▸ **What you should do**
Whatever lies between the line that holds "Ретро кожаные с" and the final line of the records below, both included, should be repeated exactly; leave out the pictures and add nothing.
Supplied records START
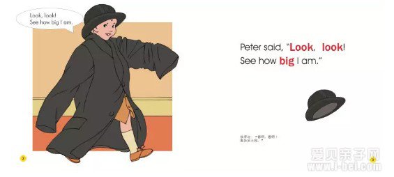 彼得穿上了爸爸的衣服,说:“看啊,看啊!看我多大啊。”
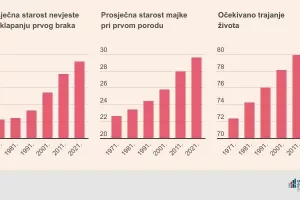 Isti trend primjećujemo i kod podataka o prosječnoj starosti nevjeste pri sklapanju prvog braka te prosječnoj starosti majke pri prvom porodu koje se obje s godinama također povećavaju. Naime, žene sve kasnije stupaju u brak i ta dob se u promatranome pedesetogodišnjem razdoblju povećala za čak 6,9 godina, a slično je i ako promatramo starost majke pri prvom porodu. Žene su u 1971. u prosjeku rađale s 22,6 godina, da bi se ta dob do 2021. pomaknula na čak 29,6 godina. Ono što je pozitivno jest to da se tijekom desetljeća kvaliteta života općenito poboljšala, a razvoj znanosti i tehnologije pogodovao je ranoj dijagnostici i prevenciji bolesti, stoga se očekivano trajanje života znatno produljilo. U odnosu na 1971., kada je očekivano trajanje života za žene iznosilo 72,3 godine, u 2021. je doseglo čak 79,6 godina.
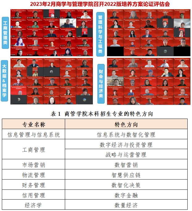 呼应数智社会的人才需求,学院积极进行专业优化,全面修订专业人才培养方案。为保障培养方案的科学性,学院组织了高校专家、用人单位管理者和优秀毕业生代表对培养方案进行全面评审,确定了培养方案课程体系进一步向数智化、实践化发展的方向,增加了大数据分析、人工智能、区块链技术等课程,并对传统的专业课程进行了内容更新,增加了数字和智能技术工具方法运用的内容。经过两年的专业优化,工商管理、市场营销、物流管理、财务管理、信用管理、经济学等本科专业明确了专业的数智化培养特色和方向。
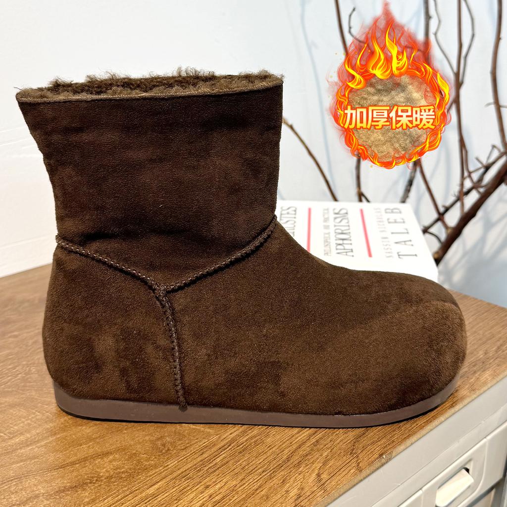 Ретро кожаные с толстой подошвой женские снегоступы 2025 зима новинка верхняя одежда бархатные нескользящие термо хлопковые сапоги
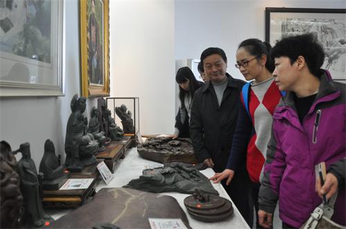女盟員們流連于溪硯展覽大廳,饒有興趣地對溪硯進行了品鑒。
Supplied records END
▸ **Exercise output**
 Ретро кожаные с толстой подошвой женские снегоступы 2025 зима новинка верхняя одежда бархатные нескользящие термо хлопковые сапоги
女盟員們流連于溪硯展覽大廳,饒有興趣地對溪硯進行了品鑒。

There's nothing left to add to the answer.